In the clinical trials, it was killing everybody. It literally kills everybody who takes it. But he was able to keep the people in the treatment group alive by giving them huge numbers of blood transfusions. It does keep them alive for the eight weeks, and based upon that eight-week trial, he got approval for AZT. It was unprecedented.
As Kary Mullis, who won the Nobel Prize for discovering the polymerase chain-reaction (PCR) technique, said, with any chemotherapy drug, you’re supposed to give it to somebody for two weeks. Chemotherapy is designed to kill every cell in the body, but hopefully it kills tumor cells first, and you can take the person off it. The tumor dies, if you time it right, and the person doesn’t die.
If you put somebody on that for life, like Tony Fauci was doing, every one of them is going to die. And that’s what happened. Meanwhile, there were a lot of drugs at that time that were being repurposed. Local, community-based doctors in San Francisco and New York who were treating the AIDS community were finding that these drugs treated the symptoms of AIDS, and they stopped people from dying.
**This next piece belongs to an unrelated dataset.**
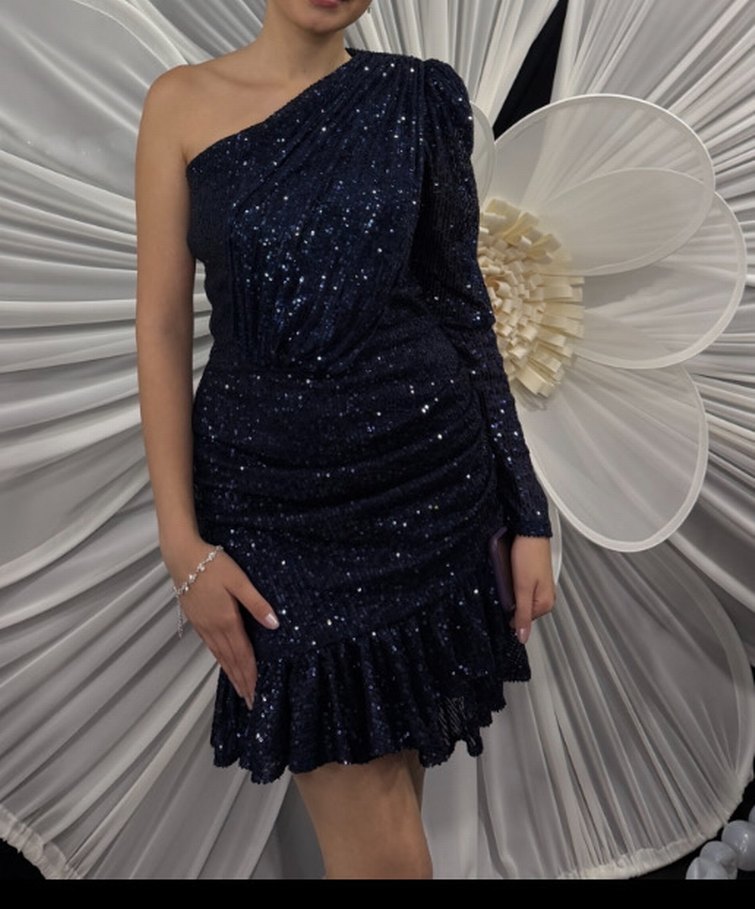 Lacivert mini abiye elbise, tek omuz parti stilleri için uygundur. ✨

Fauci made a deliberate crusade to sabotage those, to make sure they were not available to sick people, in order to make sure that AZT would be the only solution. And AZT was the most expensive drug in history. It was $10,000 for a one-year supply [while costing just $5 per dose to manufacture, plus U.S. taxpayers paid for all of the research and development of the drug] …
Tony Fauci basically created this template that he then used over the next 45 years, to develop toxic drug after toxic drug. He killed early treatment, and killed any protocol that competed with his pharmaceutical enterprise. A lot of people have died [as a result].”